With the European Commission due to introduce a legislative proposal to tackle EU-driven deforestation, the EU has a key opportunity to show global leadership by addressing forest destruction and the associated biodiversity loss, climate impacts and human rights harms. But for this law to be effective, it is crucial that it takes on the role of the EU’s finance sector, which is bankrolling deforestation.

2020 saw growing momentum behind calls to urgently protect the world’s forests. In October 2020 the European Parliament sent a bold message on the need for stronger rules to address EU’s deforestation footprint; legislation is moving forward in the UK and recently the Amsterdam Declarations Partnership Group, a group of countries dedicated to end deforestation, renewed its commitment to combat deforestation in its 2025 statement. When asked, almost 1.2 million people told the European Commission they want strong rules to end EU’s complicity in deforestation, including for finance.

According to Global Forest Watch, the tropics lost 11.9 million hectares of tree cover in 2019. Nearly a third of that loss, 3.8 million hectares, occurred in tropical primary forests, which are hotspots for biodiversity, home to indigenous communities and vital in halting climate breakdown.

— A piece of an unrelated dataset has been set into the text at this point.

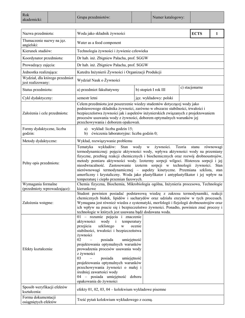 Rok akademicki: Grupa przedmiotów: Nazwa przedmiotu: Woda jako składnik żywności Tłumaczenie nazwy na jęz. angielski: Kierunek studiów: Numer katalogowy: ECTS 1 Water as a food component Technologia żywności i żywienie człowieka Koordynator przedmiotu: Dr hab. inż. Zbigniew Pałacha, prof. SGGW Prowadzący zajęcia: Dr hab. inż. Zbigniew Pałacha, prof. SGGW Jednostka realizująca: Katedra Inżynierii Żywności i Organizacji Produkcji Wydział, dla którego przedmiot Wydział Nauk o Żywności jest realizowany: b) stopień I rok III c) stacjonarne Status przedmiotu: a) przedmiot fakultatywny Cykl dydaktyczny: semestr letni jęz. wykładowy: polski Celem przedmiotu jest poszerzenie wiedzy studentów dotyczącej wody jako podstawowego składnika żywności, zarówno w obszarze stabilności, trwałości i bezpieczeństwa żywności jak i aspektów inżynierskich związanych z projektowaniem procesów usuwania wody z żywności, doborem optymalnych warunków jej przechowywania i doborem opakowań. Założenia i cele przedmiotu: Formy dydaktyczne, liczba godzin: Metody dydaktyczne: Pełny opis przedmiotu: Wymagania formalne (przedmioty wprowadzające): Założenia wstępne: Efekty kształcenia: Sposób weryfikacji efektów kształcenia: Forma dokumentacji osiągniętych efektów a) wykład: liczba godzin 15; b) ćwiczenia laboratoryjne: liczba godzin 0; Wykład, rozwiązywanie problemu Tematyka wykładów: Stan wody w żywności. Teoria stanu równowagi termodynamicznej: pojęcie aktywności wody, wpływa aktywności wody na przemiany fizyczne, przebieg reakcji chemicznych i biochemicznych oraz rozwój drobnoustrojów, metody pomiaru aktywności wody. Izotermy sorpcji wilgoci. Histereza sorpcji i jej nieodwracalność. Zastosowanie izoterm sorpcji w technologii żywności. Stan nierównowagi termodynamicznej – aspekty kinetyczne. Przemiana szklista, stan amorficzny i krystaliczny. Woda jako plastyfikator i antyplastyfikator i jej wpływ na temperaturę i ciepło przemian fazowych. Chemia fizyczna, Biochemia, Mikrobiologia ogólna, Inżynieria procesowa, Technologie kierunkowe Student powinien posiadać podstawową wiedzę z zakresu termodynamiki, reakcji chemicznych białek, lipidów i sacharydów oraz udziału enzymów w tych procesach. Wymagana jest również wiedza z systematyki, morfologii i fizjologii drobnoustrojów oraz ich wpływ na psucie się i bezpieczeństwo żywności. Ponadto, powinien znać procesy i technologie w których jest usuwana bądź dodawana woda. 01 – rozumie pojęcia i znaczenie aktywności wody i temperatury przejścia szklistego w ocenie stabilności, trwałości i bezpieczeństwa żywności 02 – posiada umiejętność projektowania optymalnych warunków prowadzenia procesów usuwania wody z żywności 03 – posiada umiejętność projektowania optymalnych warunków przechowywania żywności o małej i średniej zawartości wody 04 – posiada umiejętność doboru opakowania do żywności efekty 01, 02, 03, 04 – kolokwium wykładowe pisemne Treść pytań kolokwium wykładowego z oceną. kształcenia: Student na kolokwium wykładowym wybiera 5 z 7 pytań. Każde z pytań oceniane jest równocennie w skali od 0 do 5 pkt. Maksymalna ilość punktów z kolokwium wykładowego 25. Uzyskanie 13 pkt. zalicza przedmiot (ocena dostateczna). Miejsce realizacji zajęć: Sala dydaktyczna wykładowa. Literatura podstawowa i uzupełniająca: 1. Praca zbiorowa, 2002, 2015: Chemia żywności (red. Z.E. Sikorski), WNT, Warszawa. 2. Praca zbiorowa, 2010: Właściwości fizyczne żywności (red. Z. Pałacha, I. Sitkiewicz), WNT, Warszawa. 3. Atkins P.W., 2001:Chemia fizyczna, WNT, Warszawa. 4. Czasopisma krajowe I zagraniczne związane z w/w tematyką (ciągle aktualizowane). UWAGI: Dodaj tekst Elementy i wagi mające wpływ na ocenę końcową: Wskaźniki ilościowe charakteryzujące moduł/przedmiot: Szacunkowa sumaryczna liczba godzin pracy studenta (kontaktowych i pracy własnej) niezbędna dla osiągnięcia zakładanych efektów kształcenia - na tej podstawie należy wypełnić pole ECTS: Łączna liczba punktów ECTS, którą student uzyskuje na zajęciach wymagających bezpośredniego udziału nauczycieli akademickich: Łączna liczba punktów ECTS, którą student uzyskuje w ramach zajęć o charakterze praktycznym, takich jak zajęcia laboratoryjne, projektowe, itp.: 15 h 1 ECTS 0 ECTS Tabela zgodności kierunkowych efektów kształcenia efektami przedmiotu: Nr /symbol efektu 01 02 03 04 05 Wymienione w wierszu efekty kształcenia: rozumie pojęcia i znaczenie aktywności wody i temperatury przejścia szklistego w ocenie stabilności, trwałości i bezpieczeństwa żywności posiada umiejętność projektowania optymalnych warunków prowadzenia procesów usuwania wody z żywności posiada umiejętność projektowania optymalnych warunków przechowywania żywności o małej i średniej zawartości wody posiada umiejętność doboru opakowania do żywności Odniesienie do efektów dla programu kształcenia na kierunku K_W01, K_W05, K_W09, K_U04, KK01 K_W04, K_W06, K_W08, K_W10, K_U02, K_K01, K_K04 K_W05, K_W09, K_U04, K_U06, K_K01 K_W09, K_W15, K_U03, K_U04, K_K01

In a more recent analysis, the think tank reveals that just seven agriculture commodities – exported to global markets including Europe – led to the destruction of 71.9 million hectares of forest between 2001 and 2015. That is an area of forest more than twice the size of Germany torn down to produce soy, beef, palm oil and other goods.

The role of EU banks in global deforestation

The EU finance sector provides a lifeline for companies involved in global deforestation. As revealed in our landmark investigation Money to Burn, renowned EU-based banks, such as Santander and Deutsche Bank, funnelled a staggering €7 billion between 2013 and 2019 to six of the most harmful agribusinesses groups involved in deforestation in the world’s three largest tropical rainforests in the Amazon, Congo Basin and Papua New Guinea, despite some of those banks being members of the Banking Environment Initiative which set out to help the banking sector achieve zero net deforestation in its financing by 2020.

This shows that voluntary banking commitments and initiatives to address the financial sector’s role in deforestation, such as the Soft Commodities Compact, have proved toothless. In reality, banks and financiers have continued investing in agribusinesses implicated in the destruction of climate-critical forests and related human rights abuses.

That is why, together with global partners and allies, we are advocating for the introduction of mandatory due diligence legislation that would not only cover all products sold in the EU but also EU-based financial institutions that finance the production of forest-risk commodities, to ensure neither EU consumption nor finance is fuelling deforestation or human rights abuses.

False solutions to real problems

One of the counter-arguments often put forward to dismiss the need for due diligence laws to cover the finance sector is that there are other mechanisms that do a better job of addressing its links to deforestation, such as climate reporting requirements. However, relying on these reporting mechanisms alone will not stop financial institutions funding forest destruction and human rights abuses.  

Since its introduction in 2014, the Non-Financial Reporting Directive has required companies and financial institutions to disclose high-level information on environmental, social, human rights and anti-corruption matters in their annual reports. However, as studies revealed, companies and financial institutions continue struggling to respect their reporting obligations. While this year’s review of the Directive may address some of its shortcomings, it will still fail to tackle agribusiness’s links to deforestation.

Our research tells us that banks who already report on their aggregate financing to the agribusiness sector continue to be exposed to companies linked to deforestation. Additionally, they may also be helping put money in the pockets of companies further up the supply chain involved in deforestation – for example, through helping to sell company bonds or investment products that buy company shares.  

Banks and investors will not feel compelled to shift their money unless they run the risk of financial loss or regulatory action. That is why reporting mechanisms alone will not solve the problem, but need to be accompanied by measures to ensure accountability for banks on the impact of their financing decisions.

With a comprehensive due diligence framework in place, financial actors would be required to identify, assess and mitigate risks more carefully. Ensuring that banks and investors are following the same rules as their clients also provides clarity and consistency by helping ensure that they have to place the same importance on addressing deforestation. Even some agribusiness companies are suggesting that due diligence on loans and investments should be considered in a proposed EU law.

A key opportunity for the EU to show environmental leadership

The outbreak of the COVID-19 pandemic brought a profound realisation that a healthy society is directly dependent on a healthy planet. World leaders including the European Commission’s President Ursula Von der Leyen have acknowledged the urgent need to increase biodiversity protection and strengthen corporate accountability.

A key part of this is tackling deforestation, which is continuing at alarming rates and helping fuel the displacement, threats and murders faced by indigenous peoples and local communities who are fighting to protect their land and forests.

If the EU is serious about stopping climate breakdown, protecting human rights and promoting corporate accountability, it is crucial that it heeds the growing calls from the public and politicians to take urgent action. The EU’s credibility as a global leader depends on it, as does the future of our planet.